In Black Imagination, a complement to the series of exhibitions of the same name, Natasha Marin curates the voices of Black individuals: Black children, Black youth, the Black LGBTQ+ community, unsheltered and incarcerated and neurodivergent and other Black people. The thirty-six voices in the book are resonant on their own and deeply powerful when woven together by Marin. The following excerpt contains three responses to the prompt “Describe/Imagine a world where you are loved, safe, and valued.”

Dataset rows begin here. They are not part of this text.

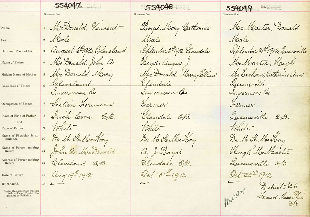 Male Birth Registration: Year: 1912 number: 55400049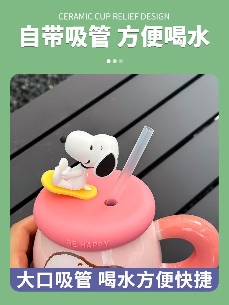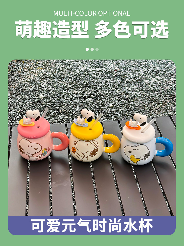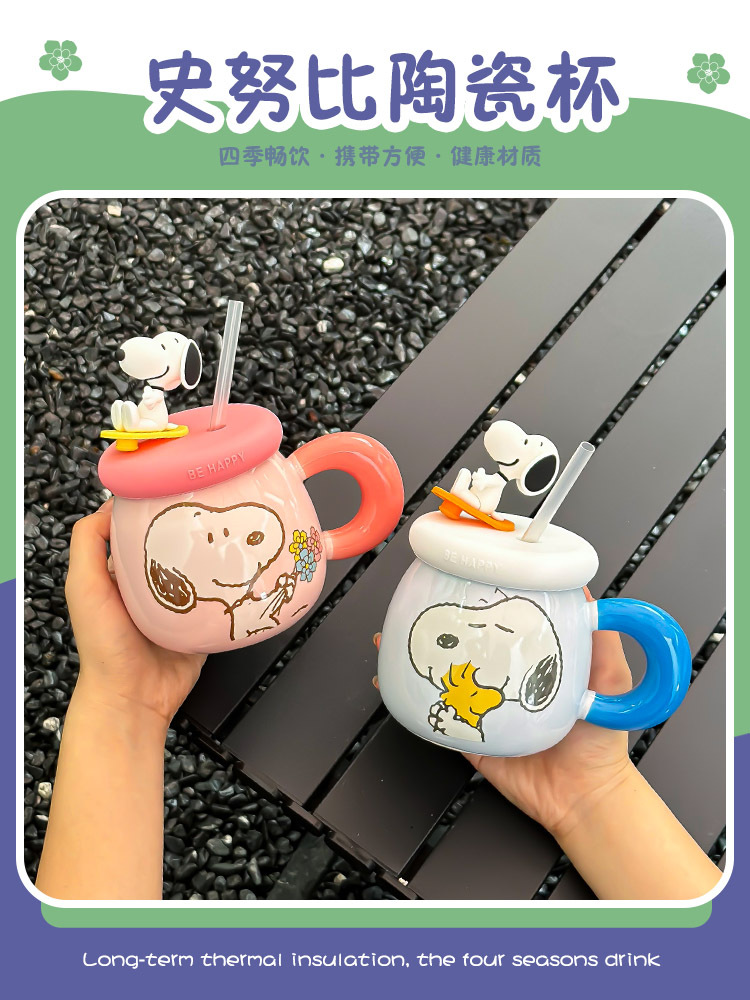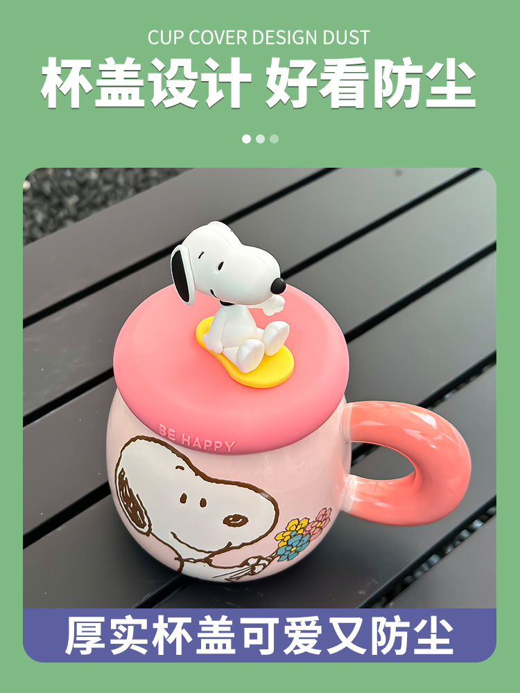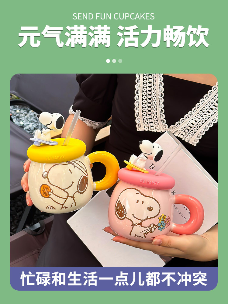 正版史努比马克杯可爱情侣创意陶瓷杯子高颜值生日礼物带盖喝水杯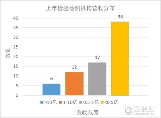 73家上市检测机构的平均产值3.75亿,中位值5488万。小编将营收规模大致分为:>10亿、1-10亿、0.5-1亿、<0.5亿。一半以上的机构年营收小于0.5亿,1亿以上的机构仅有18家。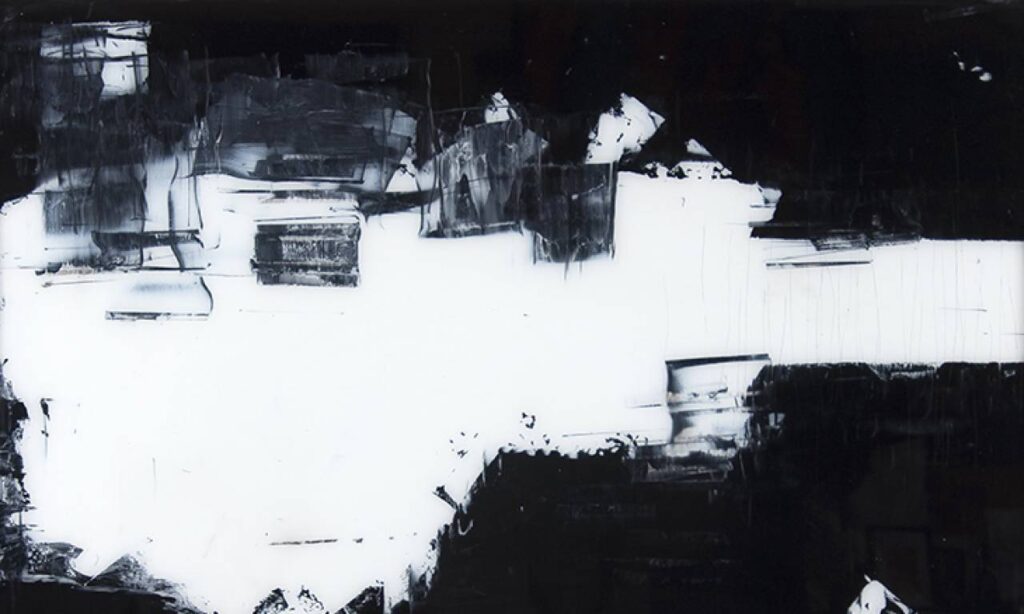 Dieter Franke lotet auf seinem Weg der Bildfindung vielmehr Wechselbeziehungen aus – seine Werke navigieren zwischen Planung und Zufall, zwischen überlegter Aktion und intuitiver Reaktion. Sie spielen mit den Wirkungen der Fläche und der Tektonik des Raums, mit Monochromie und Farbe, mit transparenter Leuchtkraft und mattem Dunkel, mit der Inversion von Positiv und Negativ, mit Tiefenstruktur und Glätte des Materials.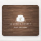 Cake Monogram Logo in White on Brown Woodgrain Mouse Pad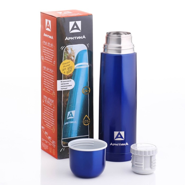 Термос "Арктика", 102, 750 мл, сохраняет тепло 24 ч, синий отличное решение для пикника, прогулки на свежем воздухе или более длительного путешествия. Такая модель разработана специально для динамичных людей, знающих толк в проведении времени с пользой.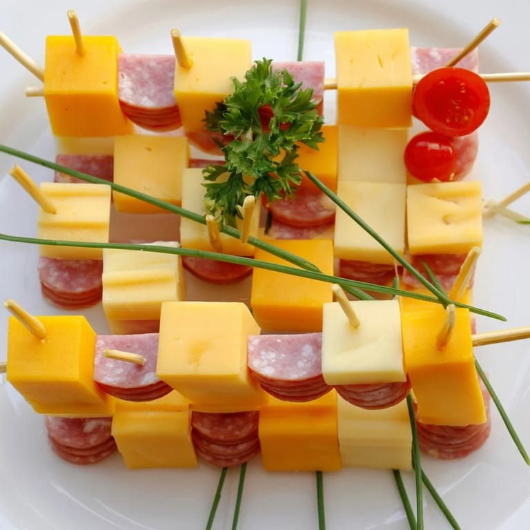 The real trick is choosing cheeses and meats that have personality without fighting each other. Sharp cheddar wants to be heard, while Swiss plays well with others, and together they create this back-and-forth conversation. For meats, I've learned that smoked ham brings warmth and salami adds mystery, but you could swap either for turkey breast, prosciutto, or even duck if you're feeling fancy. The key is picking items with enough structural integrity to stack without crumbling, which rules out soft cheeses and ultra-thin deli meats. I once tried spreadable cheese and watched it compress into nothing by the time the appetizer hit the table—never again.

Photo: Bureau of Land Management. Public domain, via Wikimedia Commons.

close your eyes—
make the white
gaze disappear

*

You don’t talk about moving because I bought the house next to yours. You don’t try to touch my hair, without asking, without saying hello or even speaking when I walk past you. You don’t expect me to do all the work that no one else feels like doing. I’m just out in the world, being myself without fear, shimmering through a star-filled sky. —Laura Lucas, Seattle, Washington

*

I imagine a world where queer babies run wild into the ocean. I imagine a world where queerness is everything and everyone. I imagine a world where pink is blue and blue is pink. I imagine a world where our pain is connected and our liberation is free. I imagine a world where peace is the origin of our hearts. I imagine a world where little boys can wear glitter dresses. I imagine a world where we slay every day. I imagine a world where black babies aren’t killed because of their flamboyance. I imagine a world where little black gay boys can prance in the moonlight. I imagine a world where we each don’t have a gender or color to represent our essence. I imagine a world where black gay boys are leaders and achievers. I imagine a world where seeing is believing. I imagine a world where glitter can stain school hallways and truly uplift those who are queer. I imagine a world where our genitalia do not define our success. I imagine a world where we each have ample opportunity to grow, prosper, and flourish. I imagine a world with pink tutus on black boys. I imagine a world where glitter falls from the sky. I imagine a world where love truly is love. —Tyler Kahlil Maxie, Chicago, Illinois

*

I wonder what it would be like to automatically be given the benefit of doubt; that it would be assumed that I and my opinions have merit; that my contribution is worthy of consideration, even if it is ultimately rejected: to not be dismissed out of hand, and once all other options have been exhausted, to be reconsidered, and found worthy of appropriation. I wonder what the opposite of a pariah is: a paragon, revered instead of reviled. There’s a reality where my skin is not a weapon, rather a virtue; an asset instead of armor. I wonder what it’s like to be the default. I wonder what tenderness is like, what it’s like when the world doesn’t exist to calcify my exterior, to prepare me for the blows to come, but rather cradles and protects so that the slightest scratch is unbearable. I wonder what hardness feels like when all you’ve known is softness. —James E. Bailey, Frankfurt am Main, Germany

 

Natasha Marin is a conceptual artist whose people-centered projects have been featured in Artforum, the New York Times, the Washington Post, the Los Angeles Times, and others. In 2018, Marin manifested “The States of Matter,” “The (g)Listening,” and “Ritual Objects”—a triptych of audio-based conceptual art exhibitions in and around Seattle.

From Black Imagination: Black Voices on Black Futures, curated by Natasha Marin, published earlier this year by McSweeney’s.